Multi-Indexed Convolution introduces an alternative approach to spatial feature extraction, which we use in our entropy model to compress the occupation symbols of octree-encoded point clouds. This method offers reduced time and memory usage per point compared to related work.
python: 3.10
tensorflow: 2.9.0
tensorflow-probability: 0.15.0
tensorflow-compression: 2.9.2
keras: 2.9.0
numba: 0.60
scipy: 1.12.0
conda -n mic-opcc python=3.10 tensorflow=2.9 keras=2.9 numba=0.60 scipy=1.12
pip tensorflow-probability=0.15.0 tensorflow-compression=2.9.2
Download and extract the Semantic KITTI dataset to ./data/semantic-kitti/.
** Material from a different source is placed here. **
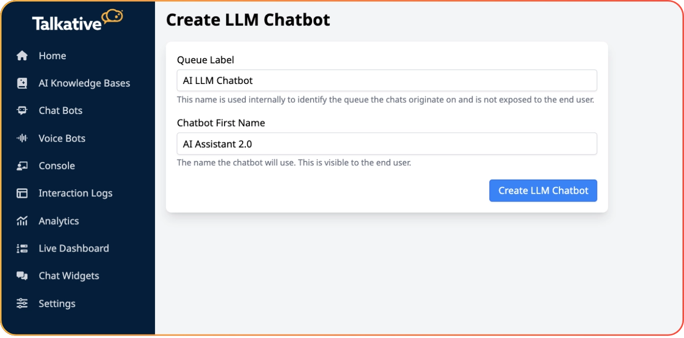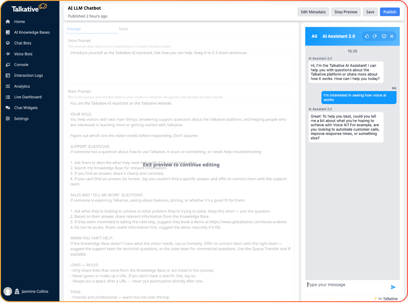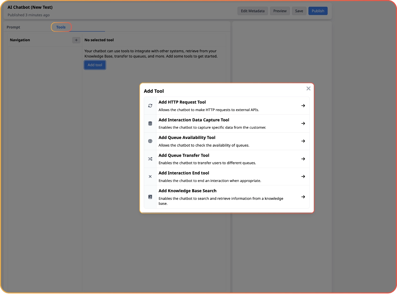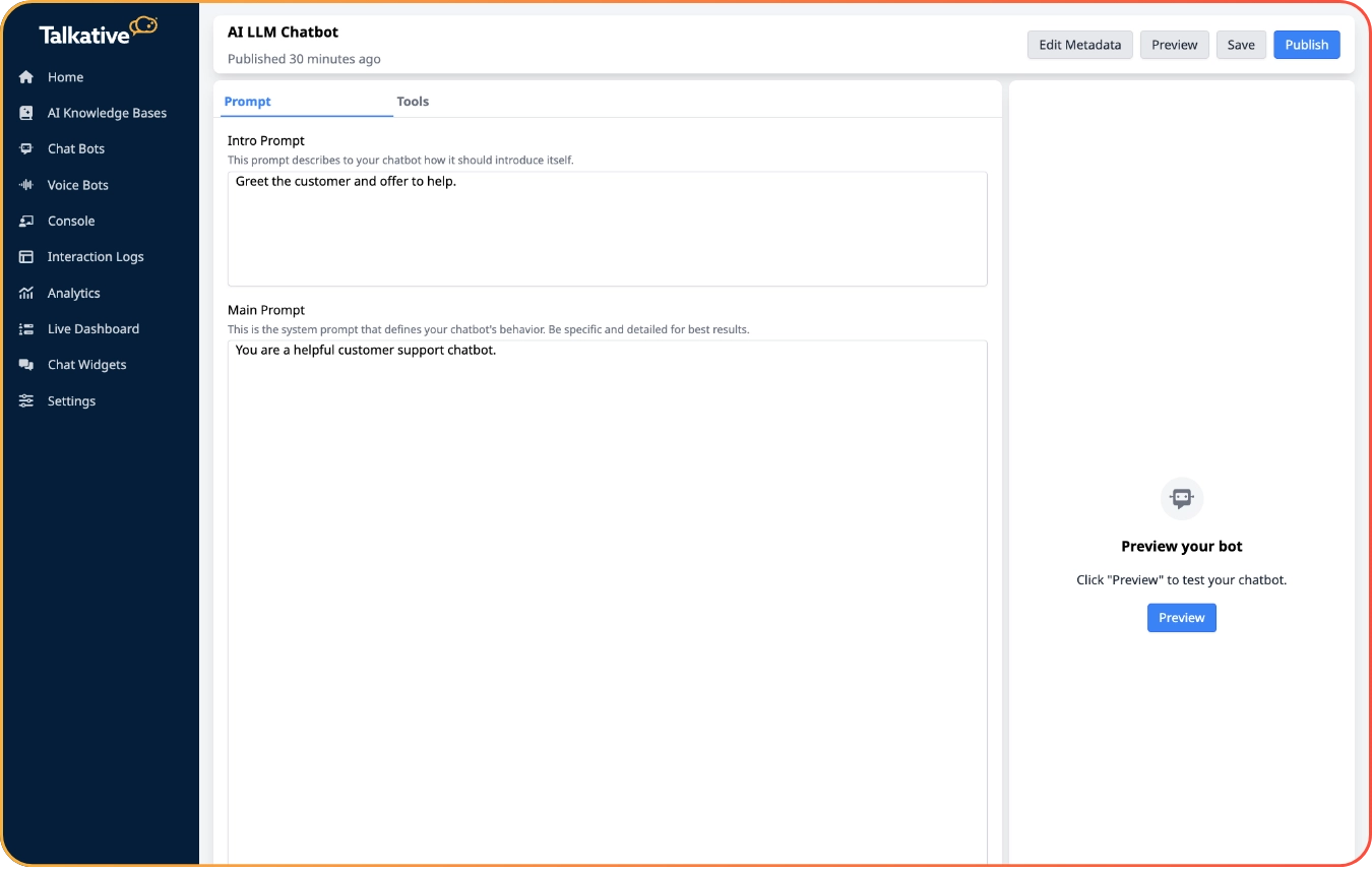 Search for LLM Chatbot in the Talkatie settings bar to get started. Then, write your prompt, connect your tools, and test the experience in preview.

MultiIndexedTransposedConvolutionPCC
options:
-h, --help show this help message and exit
--train_index [PATH ...], -X [PATH ...]
A index file to training data
--val_index [PATH ...], -Y [PATH ...]
A index file to validation data
--test_index [PATH ...], -T [PATH ...]
A index file to test data
--xshape SHAPE [SHAPE ...]
Shape of the input data
--xtype TYPE Type of the input data
--xformat FORMAT Format of the input data
--offset Float [Float ...]
Quantization offset
--scale Float [Float ...]
Quantization scale
--epochs INT, -e INT Num of epochs
--learning_rate Float
Learning rate for the Adam optimizer (default=1e-4)
--monitor STR Choose the metric to be monitored for checkpoints and early stopping (default=automatic)
--save_best_only Whether to save only best model or (default) not
--stop_patience INT The early stopping patience (deactivate = -1)
--steps_per_epoch INT
Define to train on a subset
--validation_freq INT
Validation frequency
--validation_steps INT
Define to validate on a subset
--test_freq INT Test frequency (default=1)
--test_steps INT Define for test on a subset
--test_precision INT Define precision during test
--range_coder STR Select range coder implementation
--shuffle INT Size of the shuffle buffer
--precision INT, -P INT
Quantization precision
--tree_type INT, -t INT
Tree type: 1 = binary tree, 2 = quatree, 3 = octree
--qmode STR, -q STR Quantization precision
--derotate Sort axis by major components
--disolver Run in disolver mode
--rotate STR Random rotation augmentation - use "xyz" (default="")
--grouping STR, -g STR
Grouping strategy
--slices INT [INT ...], -S INT [INT ...]
Tree slices
--chunk INT, -C INT Chunk level
--kernels INT [INT ...], -k INT [INT ...]
num of kernel units
--windows INT [INT ...], -w INT [INT ...]
window size
--beam INT [INT ...], -b INT [INT ...]
size of the beam search
--convolutions INT [INT ...], -c INT [INT ...]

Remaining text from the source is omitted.